_Directions_
Output exactly the lines from the line that has "Super chic velvet" through the last line of the data below, with no pictures.

_The data_
++++
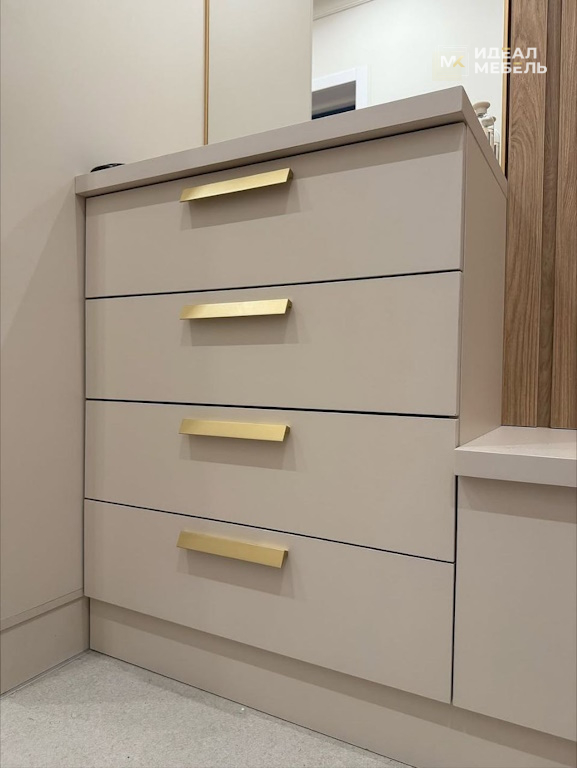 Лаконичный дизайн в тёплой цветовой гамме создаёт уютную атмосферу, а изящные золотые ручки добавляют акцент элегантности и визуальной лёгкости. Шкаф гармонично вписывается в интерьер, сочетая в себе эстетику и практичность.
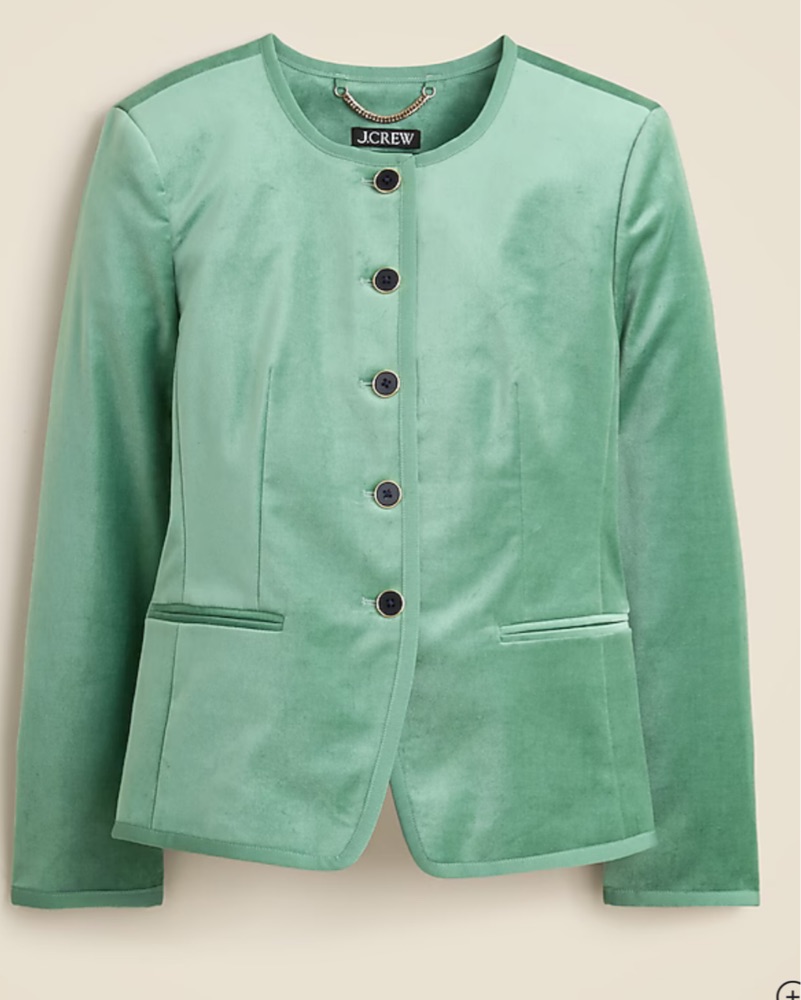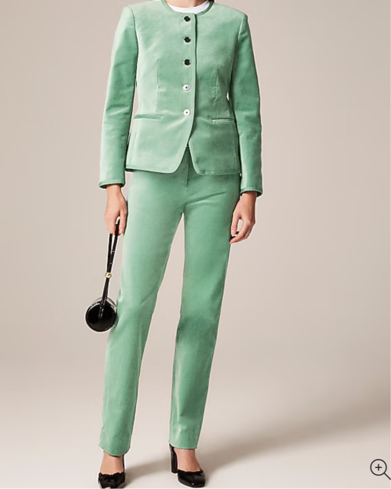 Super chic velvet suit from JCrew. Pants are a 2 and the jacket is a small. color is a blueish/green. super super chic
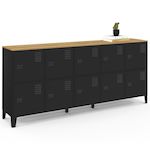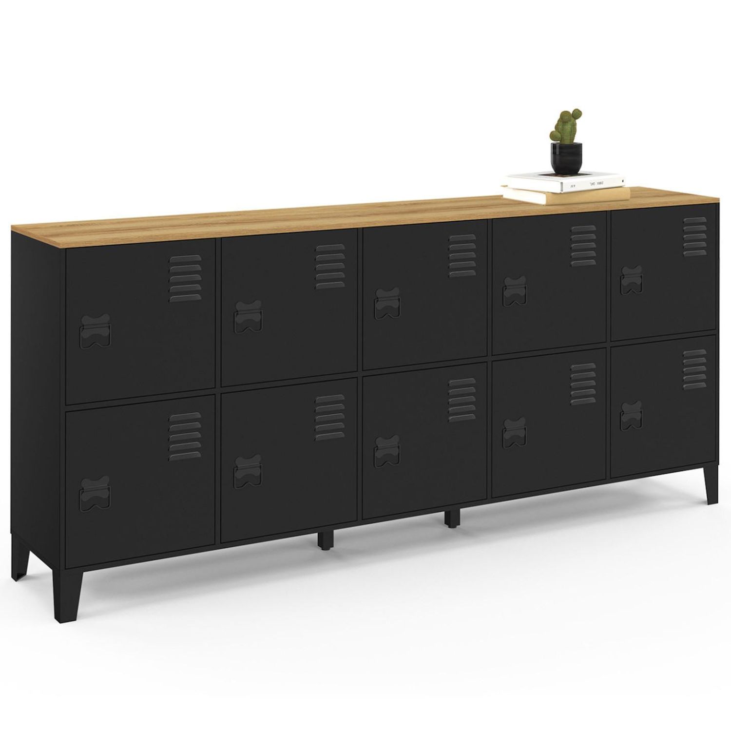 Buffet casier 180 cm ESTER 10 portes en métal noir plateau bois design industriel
++++
_Response for this exercise_
 Super chic velvet suit from JCrew. Pants are a 2 and the jacket is a small. color is a blueish/green. super super chic
 Buffet casier 180 cm ESTER 10 portes en métal noir plateau bois design industriel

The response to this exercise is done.